▶ _TASK TO COMPLETE_
The copy must match the data below line for line and contain no images.

▶ _DATASET CONTENT_
------------------------
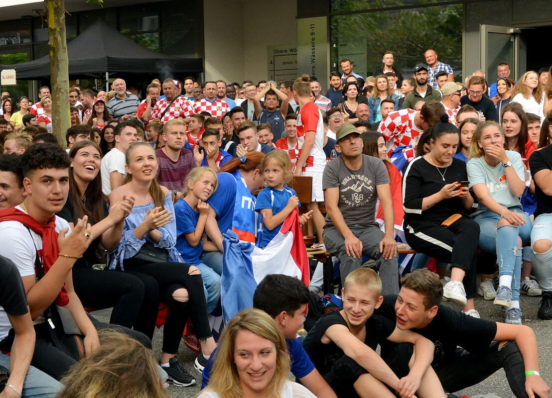 Die Gelben Karten für die Franzosen wurden von den kroatischen Fans im Vergleich dazu deutlich lauter gefeiert. Und erst der 1:1-Ausgleich durch Ivan Perisic: Da fiel direkt die erste Bierbank um, es wurde auf den Tischen getanzt und gefeiert als wäre man schon Weltmeister. Am Ende hat es nicht gereicht. Doch im Feiern hätten die Kroaten den Titel verdient gehabt. (GEA)
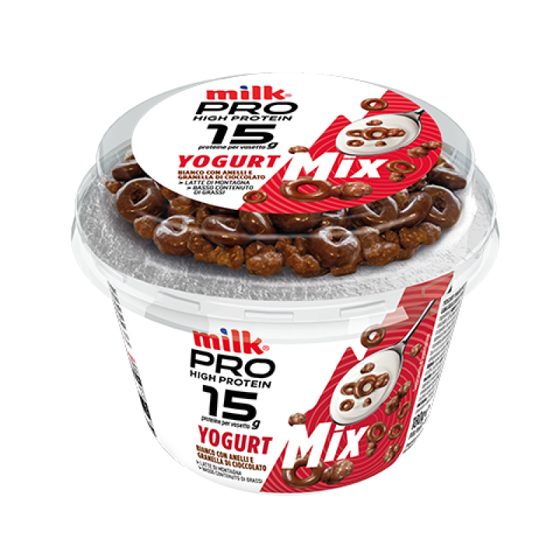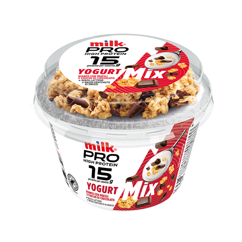 Un fresco yogurt magro ricco in proteine (15g per vasetto), con nel top deliziosi wafer ricoperti di cioccolato.
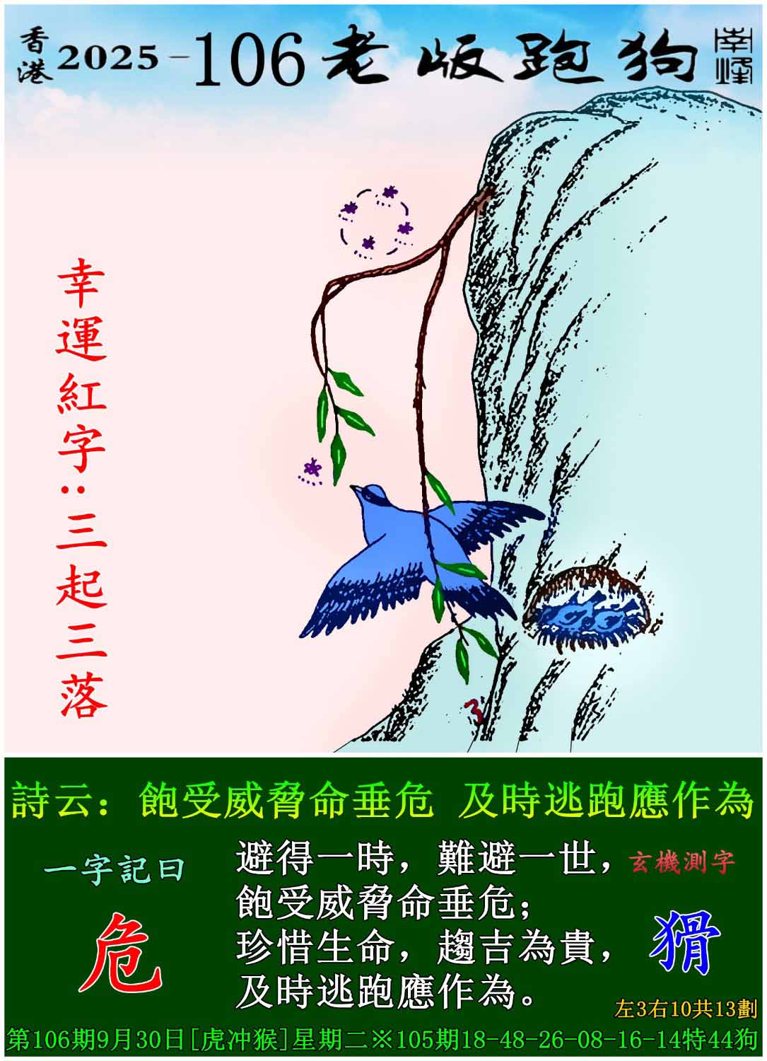 主题 : 106期老版跑狗一字記之曰:【危】 玄機測字:《猾》
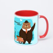 Керамическая кружка окрашенная синим внутри с синей ручкой с добавлением изображения в онлайн-редакторе макета.
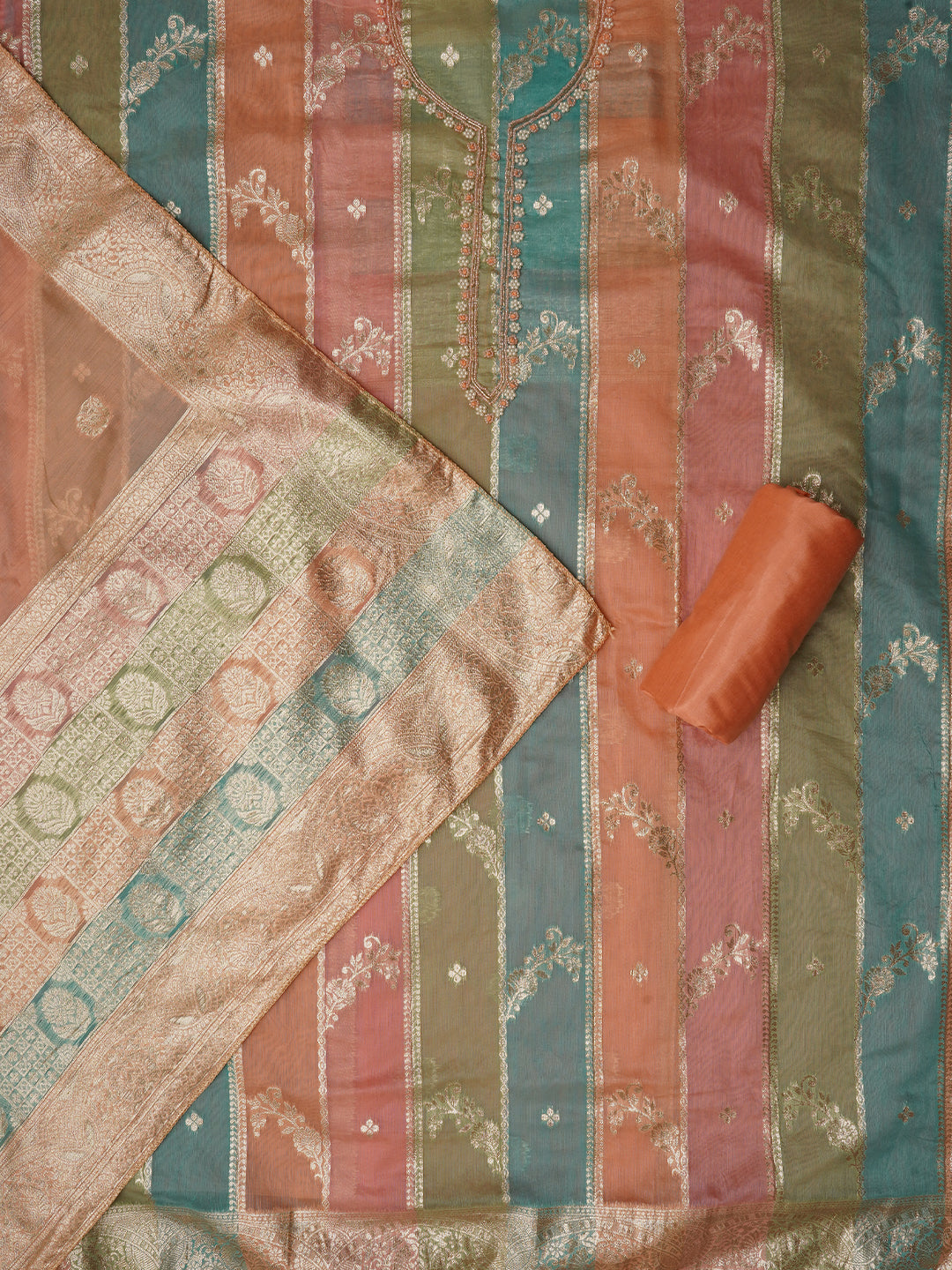 Zari Woven Silk Blend Embellished Dress Material With Dupatta
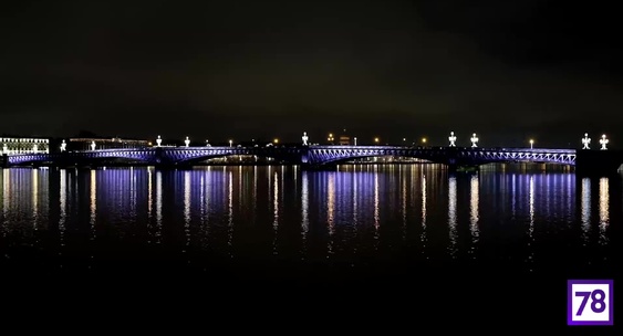 Новая подсветка с градиентными волнами украсила Дворцовый и Троицкий мосты в центре Санкт-Петербурга в честь Дня энергетика.ТАСС
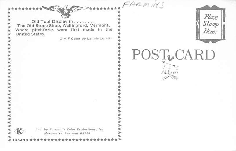 Old Tool Display Wallingford, VT., USA Farming Postcard Unused, Grade: 1, , Size: Regular size: Approx 3 1/2 X 5 1/2 inch (9 cm X 14 cm) Grading Scale: Grade 1 = Perfect corners Grade 2 = Very Minimal corner w ... Read More
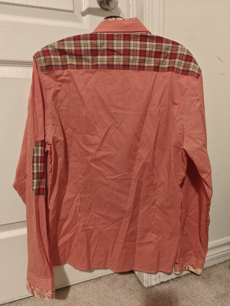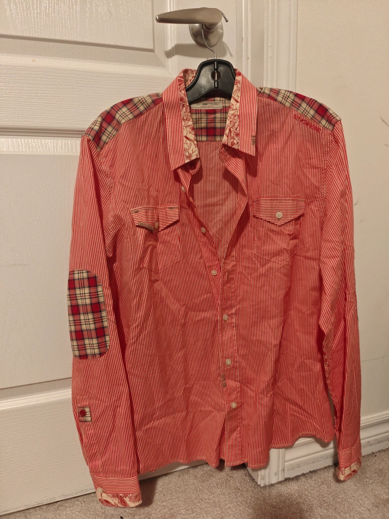 This Lemon Tree button-down shirt features a unique design with red stripes and plaid accents. It's in great condition and ready for a new home! The shirt has a classic button-down style, perfect for casual or semi-formal occasions. The material feels comfortable and breathable, making it suitable for all-day wear
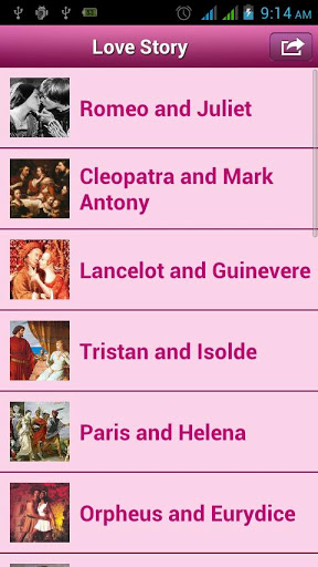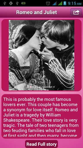Most romantic love stories contains more than 30+ true love stories from all over the world.Everyone searching for true love in the world. Love if we define the word than its just the most precious time of life, the feelings that never ends, the beauty that never get dull, relation that is above all relations.Get amazed and romantic with the true lovers stories in this world with its historical heritage.Application contains Story of below characters:- Romeo and Juliet- Cleopatra and Mark Antony- Lancelot and Guinevere- Tristan and Isolde- Paris and Helena- Orpheus and Eurydice- Napoleon and Josephine- dysseus and Penelope- Paolo and Francesca- Jane Eyre and Rochester- Layla and Majnun- Eloise and Abelard- Pyramus and Thisbe- Elizabeth Bennett and Darcy- Salim and Anarkali- Pocahontas and John Smith- Shah Jahan and Mumtaz Mahal- Queen Victoria and Prince Albert**********features***********List of love stories,images for all love stories,Manage your favourites,Share love stories with your loved once.(via facebook email twitter .Keywords: Romantic, Romance, Heart touching, History, Amazing, Memorable, Historical, Love, Story, Stories.
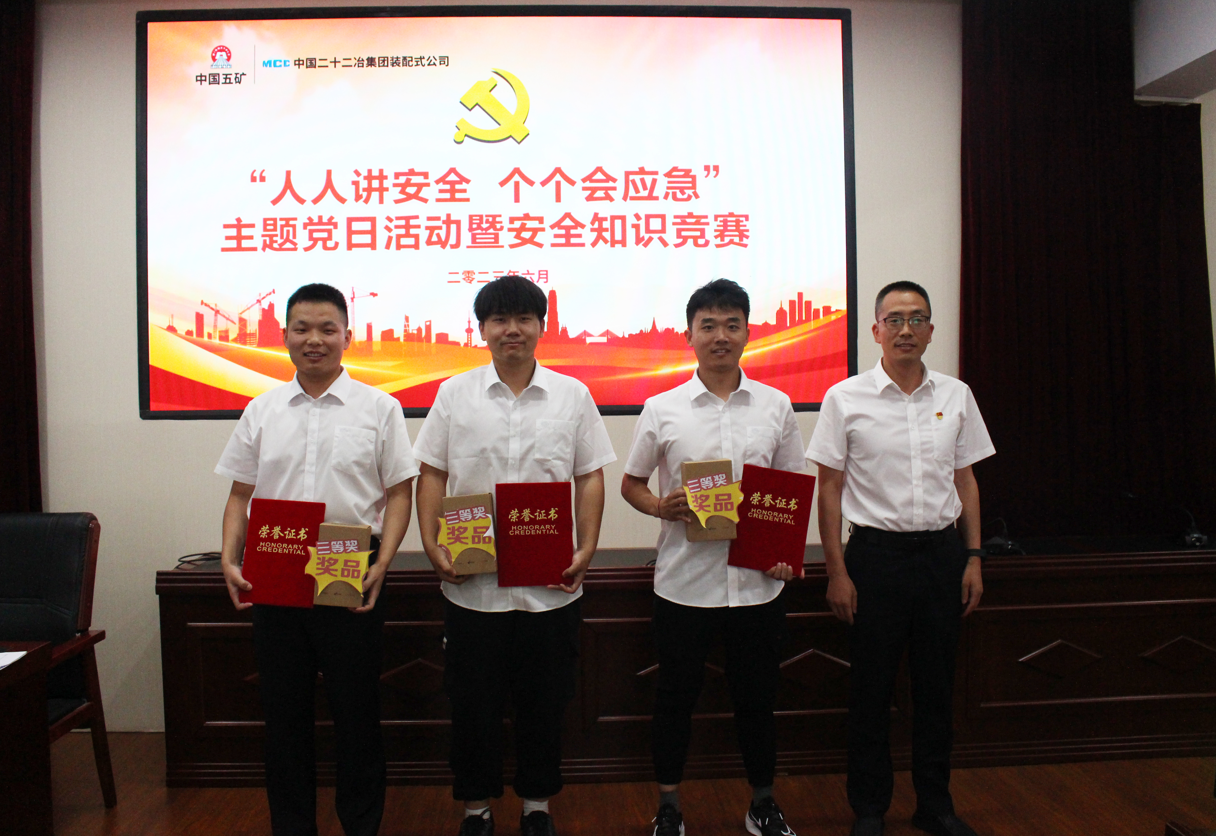 為迎接中國共產(chǎn)黨成立102周年,扎實(shí)推進(jìn)“安全生產(chǎn)月”各類活動(dòng),落實(shí)落細(xì)集團(tuán)公司“大品牌建設(shè)年”主題主線,不斷促進(jìn)黨建工作與中心工作深入融合,6月29日上午,裝配式公司黨群工作部與安全環(huán)保部聯(lián)合舉辦了以“人人講安全 個(gè)個(gè)會(huì)應(yīng)急”為主題的“黨建+安全”知識(shí)競(jìng)賽活動(dòng)。本次競(jìng)賽共6支隊(duì)伍參賽,裝配式公司副總經(jīng)理孔令雨、副總經(jīng)濟(jì)師張健、經(jīng)理助理覃曉君作為評(píng)委出席本次活動(dòng)。
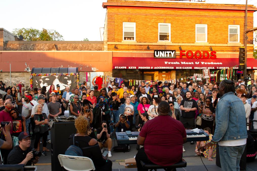 2023年5月25日,在美國明尼蘇達州明尼阿波利斯市,人們參加哀悼活動,紀念弗洛伊德遇害三周年。2020年5月25日,“無法呼吸”的非洲裔男子喬治·弗洛伊德死于白人警察膝下,成為美國人權史上的恥辱一頁。新華社發(比利·布里格斯攝)
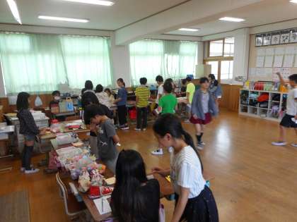 学級活動で,かねてより計画し,準備をしてきた「6いシティー」をおこないました。子どもたちは,当日に向けて,コーナー毎に様々な準備をしてきました。銀行係は手作りのお金をつくり、給料の支払いをスムーズに進められるように,金額毎にクリップでとめる工夫をしていました。折り紙屋係は,多くの作品をていねいに制作し,ラッピングをするなどの工夫をしていました。本屋係は,自分たちで本を書き,しおりを作るなどの工夫をしていました。布屋係は,フェルトや布を使いペンケースなどを作ったり,毛糸を使いマスコットを作ったりとなかなかのものでした。カレンダー係は,デジカメで写真をとりパソコンでカレンダーを制作するだけでなく,輪ゴムを使った小物の販売も行っていました。
------------------------
▶ _RESULT OF THIS TASK_
 Die Gelben Karten für die Franzosen wurden von den kroatischen Fans im Vergleich dazu deutlich lauter gefeiert. Und erst der 1:1-Ausgleich durch Ivan Perisic: Da fiel direkt die erste Bierbank um, es wurde auf den Tischen getanzt und gefeiert als wäre man schon Weltmeister. Am Ende hat es nicht gereicht. Doch im Feiern hätten die Kroaten den Titel verdient gehabt. (GEA)
 Un fresco yogurt magro ricco in proteine (15g per vasetto), con nel top deliziosi wafer ricoperti di cioccolato.
 主题 : 106期老版跑狗一字記之曰:【危】 玄機測字:《猾》
 Керамическая кружка окрашенная синим внутри с синей ручкой с добавлением изображения в онлайн-редакторе макета.
 Zari Woven Silk Blend Embellished Dress Material With Dupatta
 Новая подсветка с градиентными волнами украсила Дворцовый и Троицкий мосты в центре Санкт-Петербурга в честь Дня энергетика.ТАСС
 Old Tool Display Wallingford, VT., USA Farming Postcard Unused, Grade: 1, , Size: Regular size: Approx 3 1/2 X 5 1/2 inch (9 cm X 14 cm) Grading Scale: Grade 1 = Perfect corners Grade 2 = Very Minimal corner w ... Read More
 This Lemon Tree button-down shirt features a unique design with red stripes and plaid accents. It's in great condition and ready for a new home! The shirt has a classic button-down style, perfect for casual or semi-formal occasions. The material feels comfortable and breathable, making it suitable for all-day wear
Most romantic love stories contains more than 30+ true love stories from all over the world.Everyone searching for true love in the world. Love if we define the word than its just the most precious time of life, the feelings that never ends, the beauty that never get dull, relation that is above all relations.Get amazed and romantic with the true lovers stories in this world with its historical heritage.Application contains Story of below characters:- Romeo and Juliet- Cleopatra and Mark Antony- Lancelot and Guinevere- Tristan and Isolde- Paris and Helena- Orpheus and Eurydice- Napoleon and Josephine- dysseus and Penelope- Paolo and Francesca- Jane Eyre and Rochester- Layla and Majnun- Eloise and Abelard- Pyramus and Thisbe- Elizabeth Bennett and Darcy- Salim and Anarkali- Pocahontas and John Smith- Shah Jahan and Mumtaz Mahal- Queen Victoria and Prince Albert**********features***********List of love stories,images for all love stories,Manage your favourites,Share love stories with your loved once.(via facebook email twitter .Keywords: Romantic, Romance, Heart touching, History, Amazing, Memorable, Historical, Love, Story, Stories.
 為迎接中國共產(chǎn)黨成立102周年,扎實(shí)推進(jìn)“安全生產(chǎn)月”各類活動(dòng),落實(shí)落細(xì)集團(tuán)公司“大品牌建設(shè)年”主題主線,不斷促進(jìn)黨建工作與中心工作深入融合,6月29日上午,裝配式公司黨群工作部與安全環(huán)保部聯(lián)合舉辦了以“人人講安全 個(gè)個(gè)會(huì)應(yīng)急”為主題的“黨建+安全”知識(shí)競(jìng)賽活動(dòng)。本次競(jìng)賽共6支隊(duì)伍參賽,裝配式公司副總經(jīng)理孔令雨、副總經(jīng)濟(jì)師張健、經(jīng)理助理覃曉君作為評(píng)委出席本次活動(dòng)。
 2023年5月25日,在美國明尼蘇達州明尼阿波利斯市,人們參加哀悼活動,紀念弗洛伊德遇害三周年。2020年5月25日,“無法呼吸”的非洲裔男子喬治·弗洛伊德死于白人警察膝下,成為美國人權史上的恥辱一頁。新華社發(比利·布里格斯攝)
 学級活動で,かねてより計画し,準備をしてきた「6いシティー」をおこないました。子どもたちは,当日に向けて,コーナー毎に様々な準備をしてきました。銀行係は手作りのお金をつくり、給料の支払いをスムーズに進められるように,金額毎にクリップでとめる工夫をしていました。折り紙屋係は,多くの作品をていねいに制作し,ラッピングをするなどの工夫をしていました。本屋係は,自分たちで本を書き,しおりを作るなどの工夫をしていました。布屋係は,フェルトや布を使いペンケースなどを作ったり,毛糸を使いマスコットを作ったりとなかなかのものでした。カレンダー係は,デジカメで写真をとりパソコンでカレンダーを制作するだけでなく,輪ゴムを使った小物の販売も行っていました。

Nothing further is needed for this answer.